= Yulian Bromley =

Soviet anthropologist (1893–1968)

Yulian Vladimirovich Bromley (Юлиа́н Влади́мирович Бромле́й; 21 February 1921 - 4 June 1990) was a Soviet and Russian anthropologist who gained an international recognition. He became Director of the Institute of Ethnography at the Academy of Sciences of the Soviet Union in 1966 and held the post until 1989.
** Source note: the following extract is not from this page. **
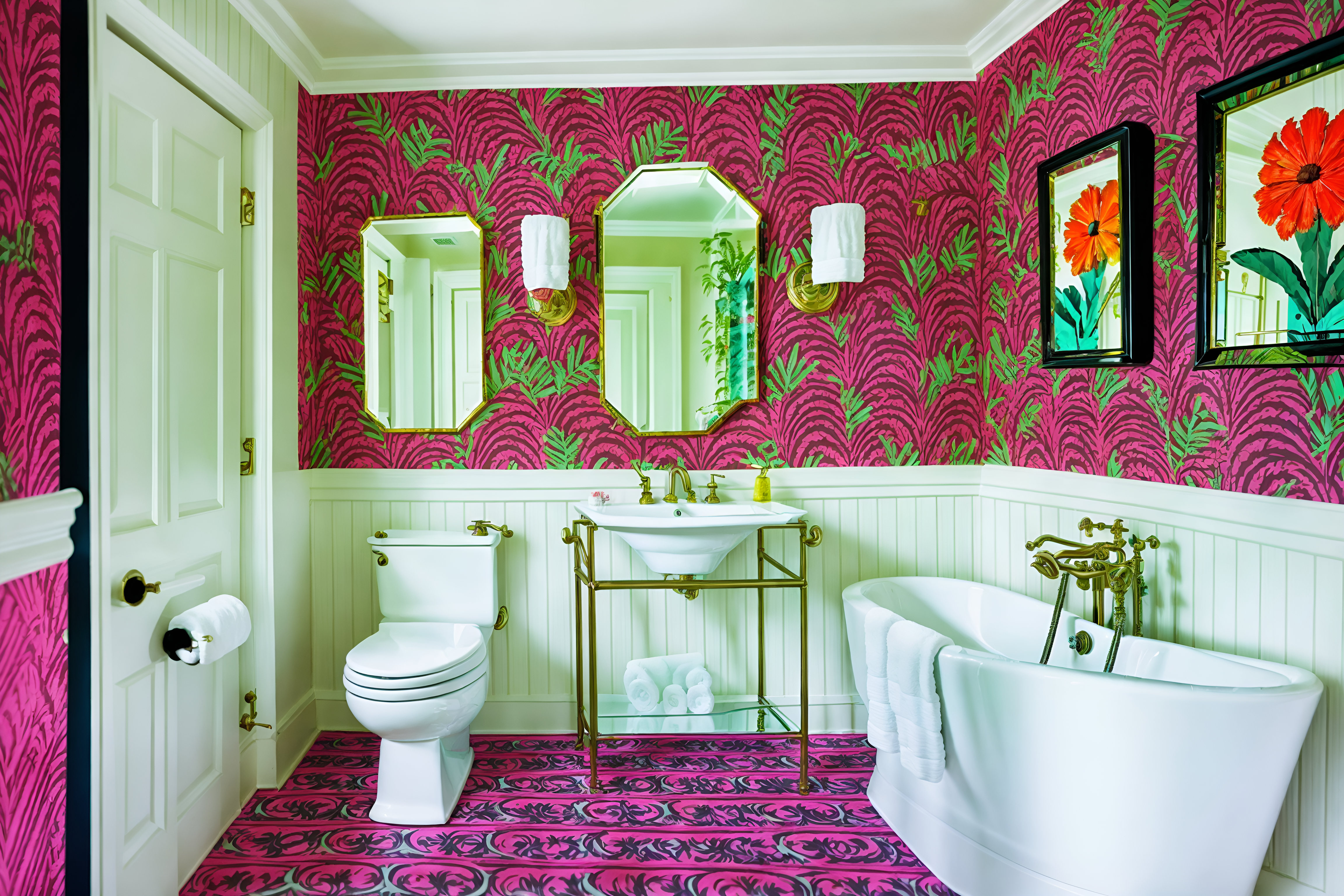 photo from pinterest of maximalist-style interior designed (hotel bathroom interior) with bathroom cabinet and mirror and waste basket and bathroom sink with faucet and bathtub and shower and plant and toilet seat. . with bold patterns and bold colors and more is more philosophy and eye-catching and over-the-top aesthetic and bold creativity and playful and bold design. . cinematic photo, highly detailed, cinematic lighting, ultra-detailed, ultrarealistic, photorealism, 8k. trending on pinterest. maximalist interior design style. masterpiece, cinematic light, ultrarealistic+, photorealistic+, 8k, raw photo, realistic, sharp focus on eyes, (symmetrical eyes), (intact eyes), hyperrealistic, highest quality, best quality, , highly detailed, masterpiece, best quality, extremely detailed 8k wallpaper, masterpiece, best quality, ultra-detailed, best shadow, detailed background, detailed face, detailed eyes, high contrast, best illumination, detailed face, dulux, caustic, dynamic angle, detailed glow. dramatic lighting. highly detailed, insanely detailed hair, symmetrical, intricate details, professionally retouched, 8k high definition. strong bokeh. award winning photo.

Bromley's main focus was studying the South Slavs, despite not actually engaging in fieldwork himself. His research framework led, in the words of Ernest Gellner, to a minor revolution which consisted of turning ethnography into the study of "Ethnos-es", often referred to as ethnicity by Western anthropologists. He wrote more than 300 texts, although he did not engage in fieldwork himself.

==Ethnos==

Bromley described the term Ethnos as a word with many meanings, but the “closest” word of the term Ethnos, according to Bromley, is “people.” Ethnos is used to analyze communities. The term Ethnos has such a broad definition to prevent anthropologists from limiting their scopes to small, backwards communities, but instead view people as a whole. With this in mind, Ethnos can be used to view communities that go into the millions of people. Bromley states the main task of the word Ethnos is to define the common, generic name of community formations such as “tribe”, “nationality” and “nation” Bromley also states that all Ethnoses are unique for each possess a certain internal unity and specific features that distinguish themselves from other communities. As for what should be studied, Bromley defines three points of study: 1) folk culture, 2) to define the subject matter in terms of the method of direct observation, and 3) the subject matter of ethnography is determined by the range of problems which it is studied.

==Stance on race==

Bromley also claimed that racial distinctions as a whole do not play any essential ethno-distinctive role, and that there are no "pure" racially unmixed people as by the absence of clearcut anthropological boundaries between contiguous peoples or ethnoses belonging to one of the major races. According to Bromley's framework, race does not matter when viewing the community structure as a whole, and racial purity is impossible.